**Work instruction:** Pictures are not repeated. Every line from the beginning of the entries through the one with "经过初期遴选、市民评选、专家" is restated exactly.

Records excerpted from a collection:
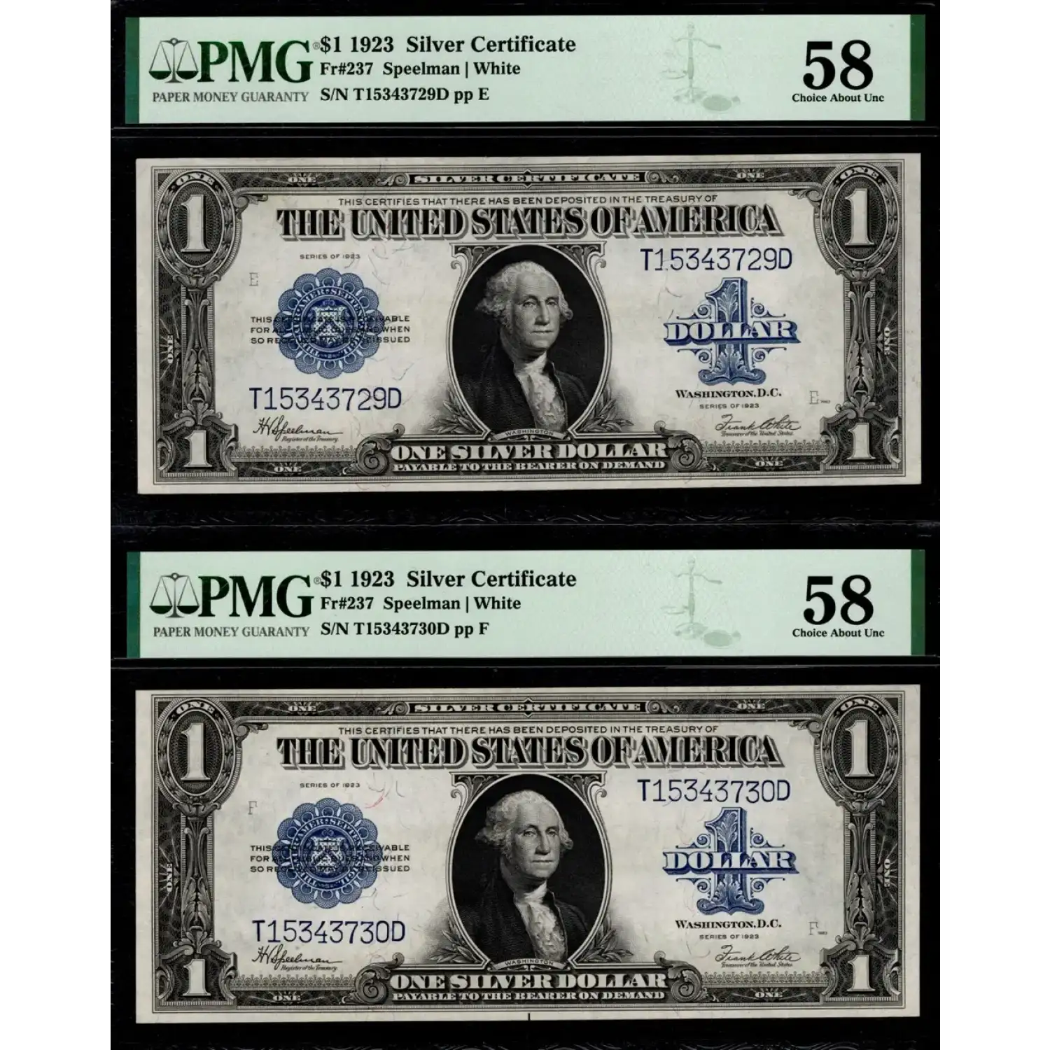 Enjoy a spectacular and sequential pair of Blue Seal Aces from the final series of Large Size Paper Money! This dynamite duo features the popular Speelman-White signature combination and are graded identically with seemingly uncirculated eye-appeal and pleasing margins!
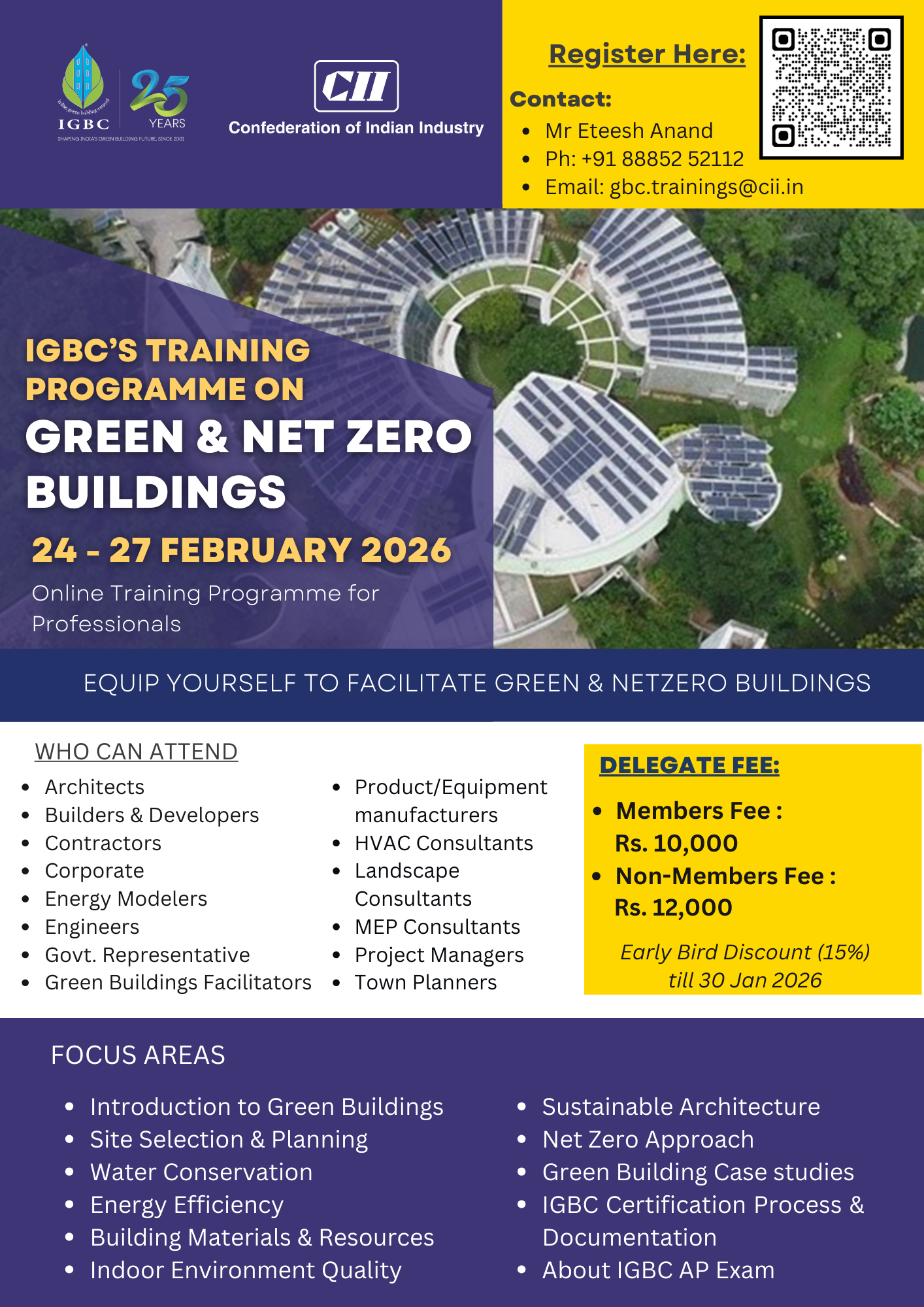 Indian Green Building Council's (IGBC) rating systems launched since 2007 had made rapid strides in the Green Building sector. These rating systems have been successfully applied in India in as many as 18,850+ buildings, till date with a footprint of 15.52 Billion sq.ft. Many Government, corporate, builders & developers in India have taken lead in constructing Green Buildings. With the growing demand for Green Buildings, there is a need to enhance the knowledge of building professionals on Green Building concepts & equip them on the Green Building rating systems.
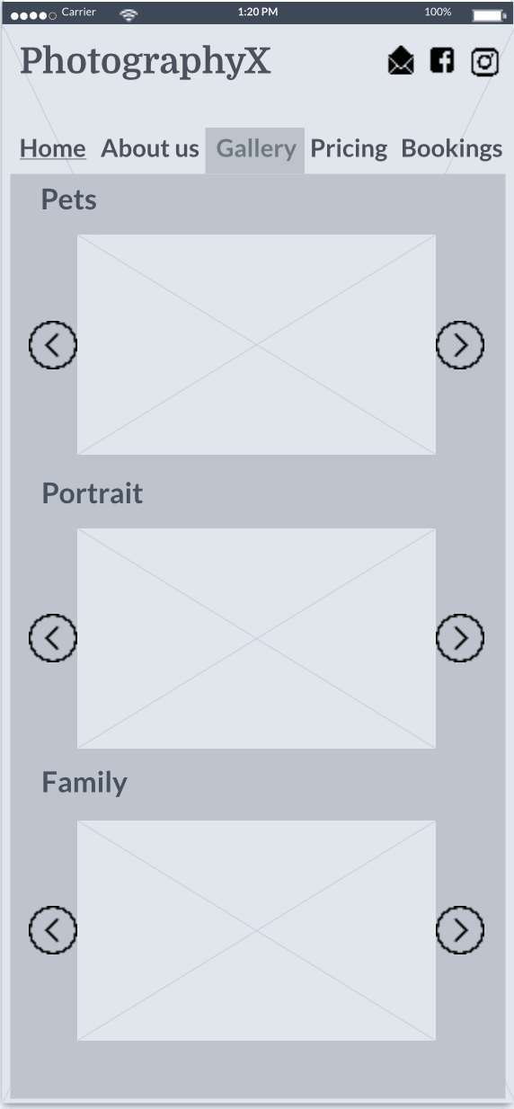 As anyone is a possible user of photography services it is hard to boil them down to a small number of personas so my aim was to design for a wide range of users.
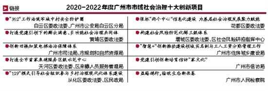 经过初期遴选、市民评选、专家评审等环节,白云区委政法委和广州市公安局白云区分局报送的《“352”工作法筑牢城中村安全防护圈》等10个项目荣获“十大创新项目”,广州市来穗人员服务管理局报送的《建设超大城市精细化治理“五好网格”》等13个项目荣获“优秀创新项目”。
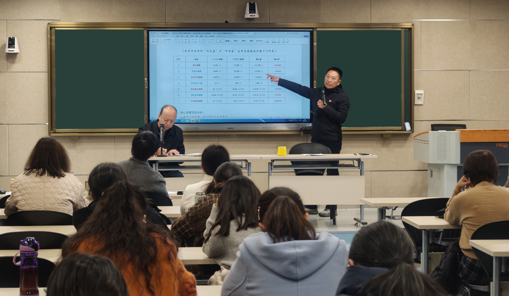 邱德齐结合党的二十届四中全会《公报》《建议》内容,宣讲了我国“十五五”时期的重要地位、面临的形势以及经济社会发展的指导思想、遵循原则、主要目标和重点任务,组织学习了《建议》中有关教育工作的具体部署,报告了学校“十四五”时期事业发展情况、“十五五”规划总体思路和发展主攻方向。他指出,对比“十三五”,学校“十四五”期间“三大业务”发展实现量质同步大幅提升,“一体多元”办学格局全面巩固,服务本地经济社会发展能力显著增强:学历教育招生规模由9,787人增加到27,085 人,毕业生规模由8,663 人增加到12,428 人,年均办学规模由8,878 人增加到13,938 人,学位授予人数由1人增加到192 人;师资培训组训规模由22 万人次增加到38.68 万人次,学时登记规模由33.33 万人次增加到52.52 万人次;社老教育实体化培训规模由1.4 万人次增长到7.33 万人次。他要求,全校干部职工要认真学习领悟党的二十届四中全会精神,遵循方向把握机遇直面挑战;充分认识学校“十四五”发展取得的成就,树立对未来发展的必胜信心;积极为学校发展建言献策,协力做好学校“十五五”规划编制和实施工作。
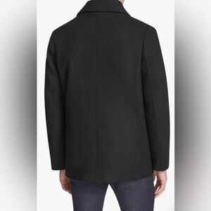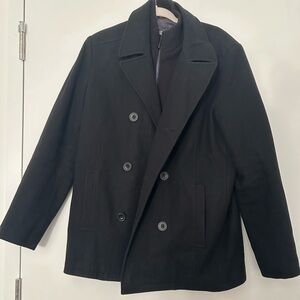 Classic black peacoat with a double-breasted front. Perfect for stylish warmth.
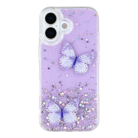 iPhone 17 Fleksibelt Plast Deksel med Sommerfugler - Gjennomsiktig / Lilla
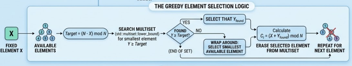 To efficiently "pick the best available element", we can store the elements of the permuted array inside a balanced Binary Search Tree (like a std::multiset). For any fixed element X, the optimal element Y to pair it with such that (X + Y) \bmod N is minimized would be Y = (N - X) \bmod N. We can use lower_bound on the multiset to find the closest available element \ge Y. If no such element exists, we wrap around and pick the absolute smallest available element.
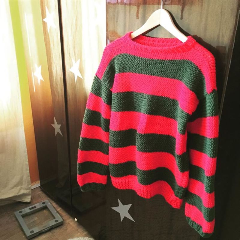 Основата на костюма, както винаги, е несложна: широкопола жилетка, за предпочитане в червено и зелено (но всяка друга жилетка на райета е подходяща), и черен класически панталон. Заложете на кафява шапка, плашещ грим и ръкавица с остриета.
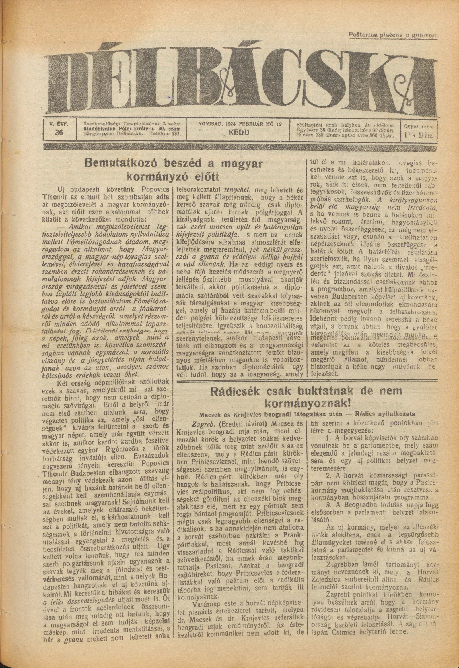 Délbácska, 5. évf. 1924. február 12. 36. sz.
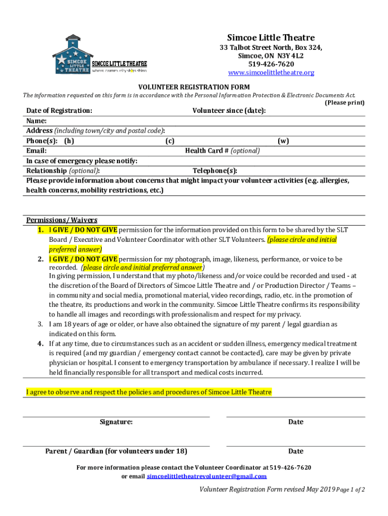 Since Little Theater 33 Talbot Street North, Box 324, Since, ON N3Y 4L2 5194267620 www.simcoelittletheatre.org VOLUNTEER REGISTRATION From The information requested on this form is in accordance with

**Problem solution:**
 Enjoy a spectacular and sequential pair of Blue Seal Aces from the final series of Large Size Paper Money! This dynamite duo features the popular Speelman-White signature combination and are graded identically with seemingly uncirculated eye-appeal and pleasing margins!
 Indian Green Building Council's (IGBC) rating systems launched since 2007 had made rapid strides in the Green Building sector. These rating systems have been successfully applied in India in as many as 18,850+ buildings, till date with a footprint of 15.52 Billion sq.ft. Many Government, corporate, builders & developers in India have taken lead in constructing Green Buildings. With the growing demand for Green Buildings, there is a need to enhance the knowledge of building professionals on Green Building concepts & equip them on the Green Building rating systems.
 As anyone is a possible user of photography services it is hard to boil them down to a small number of personas so my aim was to design for a wide range of users.
 经过初期遴选、市民评选、专家评审等环节,白云区委政法委和广州市公安局白云区分局报送的《“352”工作法筑牢城中村安全防护圈》等10个项目荣获“十大创新项目”,广州市来穗人员服务管理局报送的《建设超大城市精细化治理“五好网格”》等13个项目荣获“优秀创新项目”。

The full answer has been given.